■ **EXERCISE DATA**
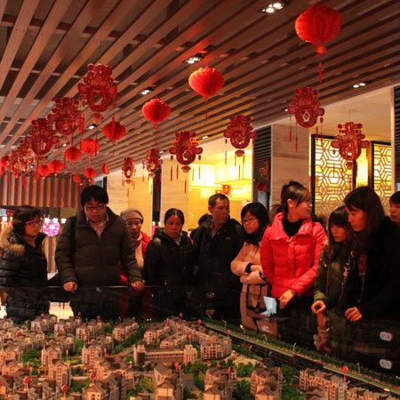 ? 沙盤區(qū)域包裝中國結(jié)、紅燈籠、如意結(jié)等春節(jié)飾品
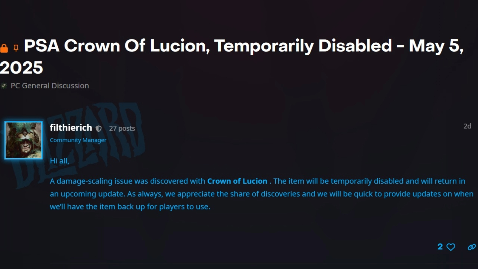 阻止列表中的物品是当前游戏中存在但无法装备的任何装备。当暴雪注意到任何物品存在平衡问题并阻止玩家在玩游戏时使用它来获得不正当优势时,通常会发生这种情况。例如,2025 年 5 月 2 日,许多玩家声称卢西恩王冠显示了封锁列表中的物品消息。这是因为该物品的伤害缩放问题。暴雪目前正在研究该装备,一旦伤害缩放问题得到解决,您应该很快就能装备它。问题曝光后不久,该公司的一位社区经理通过帖子证实了这一点。
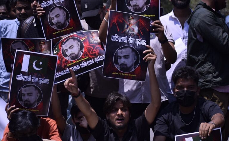 आतङ्कवादी हमलामा परेर बुटवल उपमहानगरपालिका–१४ का २७ वर्षीय सुदीप न्यौपानेले ज्यान गुमाएका थिए । सो घटनाको विरोधमा नेपाल नागरिक अभियानले आतङ्कवादविरुद्ध ऐक्यवद्धता जनाउँदै काठमाडौँस्थित पाकिस्तानी दूतावास अगाडि प्रदर्शन गरेको हो ।

■ **WORK TO COMPLETE**
None of the pictures should be reproduced; all other material above must be set down exactly.

■ **COMPLETED EXERCISE**
 ? 沙盤區(qū)域包裝中國結(jié)、紅燈籠、如意結(jié)等春節(jié)飾品
 阻止列表中的物品是当前游戏中存在但无法装备的任何装备。当暴雪注意到任何物品存在平衡问题并阻止玩家在玩游戏时使用它来获得不正当优势时,通常会发生这种情况。例如,2025 年 5 月 2 日,许多玩家声称卢西恩王冠显示了封锁列表中的物品消息。这是因为该物品的伤害缩放问题。暴雪目前正在研究该装备,一旦伤害缩放问题得到解决,您应该很快就能装备它。问题曝光后不久,该公司的一位社区经理通过帖子证实了这一点。
 आतङ्कवादी हमलामा परेर बुटवल उपमहानगरपालिका–१४ का २७ वर्षीय सुदीप न्यौपानेले ज्यान गुमाएका थिए । सो घटनाको विरोधमा नेपाल नागरिक अभियानले आतङ्कवादविरुद्ध ऐक्यवद्धता जनाउँदै काठमाडौँस्थित पाकिस्तानी दूतावास अगाडि प्रदर्शन गरेको हो ।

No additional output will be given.